Endoscopic Treatment
Early gastric cancer can be treated with endoscopic mucosal resection (EMR) or endoscopic submucosal dissection (ESD). EMR is generally indicated for intramucosal gastric cancer without lymph node metastasis confirmed by endoscopic ultrasound, including non-ulcerative lesions less than 2 cm in diameter for type IIa lesions and less than 1 cm for type IIb or IIc lesions. ESD is indicated for intramucosal intestinal-type gastric cancer of any size without ulceration, intestinal-type gastric cancer with ulceration less than 3 cm in diameter, and intestinal-type submucosal gastric cancer less than 3 cm in diameter with an invasion depth of less than 500 μm. Resected cancerous tissue should undergo pathological examination. If cancer is found at the resection margin or if superficial cancer invades the submucosa, additional surgical treatment may be necessary.
Surgical Treatment
For early gastric cancer, partial gastrectomy may be performed. In advanced gastric cancer without distant metastasis, radical resection should be pursued whenever possible. For cases with distant metastasis or obstruction, palliative surgery may be performed to maintain gastrointestinal continuity. Surgical resection combined with regional lymph node dissection is currently the main treatment for advanced gastric cancer. The extent of gastrectomy includes proximal gastrectomy, distal gastrectomy, and total gastrectomy, with digestive tract continuity restored using Billroth I, Billroth II, or Roux-en-Y gastric bypass reconstruction. For patients who cannot be cured surgically, particularly those with obstruction, partial tumor resection may relieve symptoms in approximately 50% of cases.
Chemotherapy
Adjuvant chemotherapy is generally not required for early gastric cancer without metastasis. Neoadjuvant chemotherapy before surgery can shrink tumors, increasing the chances of radical resection and cure. Postoperative adjuvant chemotherapy includes intravenous chemotherapy, intraperitoneal chemotherapy, continuous hyperthermic intraperitoneal perfusion, and lymphatic-targeted chemotherapy. Monotherapy is suitable for early-stage patients requiring chemotherapy or for those unable to tolerate combination therapy. Commonly used drugs include 5-fluorouracil (5-FU), tegafur (FT-207), mitomycin C (MMC), doxorubicin (ADM), cisplatin (DDP) or carboplatin, nitrosoureas (CCNU, MeCCNU), and etoposide (VP-16). Combination chemotherapy often involves 2–3 drugs to minimize toxic side effects. Chemotherapy failure is often associated with cancer cell resistance to chemotherapeutic agents or multidrug resistance.
Other Treatments
In addition to radiotherapy and anti-angiogenic targeted therapy, immunotherapy has emerged as a novel treatment option in clinical practice. Immune checkpoint inhibitors achieve tumor cell destruction by modulating T-cell activity within the tumor microenvironment. These inhibitors include cytotoxic T lymphocyte-associated antigen-4 (CTLA-4) inhibitors, programmed cell death protein-1 (PD-1) inhibitors, and programmed cell death-ligand 1 (PD-L1) inhibitors, all of which have shown some efficacy in the treatment of gastric cancer.
Prognosis
The prognosis of gastric cancer is directly related to the stage at diagnosis. To date, because most gastric cancers are diagnosed at intermediate or advanced stages, the 5-year survival rate ranges from approximately 7% to 34%.
Prevention
Eradication of Helicobacter pylori (Hp) in individuals with high-risk factors for gastric cancer may help prevent its development.
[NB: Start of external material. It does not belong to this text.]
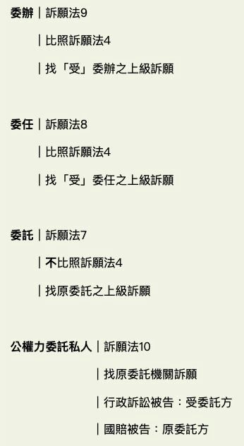 (4)委託行使公權力 (行政委託) | 管轄權發生移轉於受託之私人,受託人以自己名義作成行政處分 | 為不相隸屬之行政主體與私人間的關係(係行政組織對外的權限移轉) | 若為行政處分,以受託人自己名義對外作成行政處分。 | 向原委託機關提起訴願 |

High-risk populations should undergo regular follow-up using endoscopy and serum pepsinogen I/II measurements.
Aspirin, COX-2 inhibitors, statins, antioxidants (including multivitamins and the trace element selenium), and green tea may have some preventive effects.
Adopting healthy lifestyle habits and actively treating precancerous conditions may reduce the risk of gastric cancer.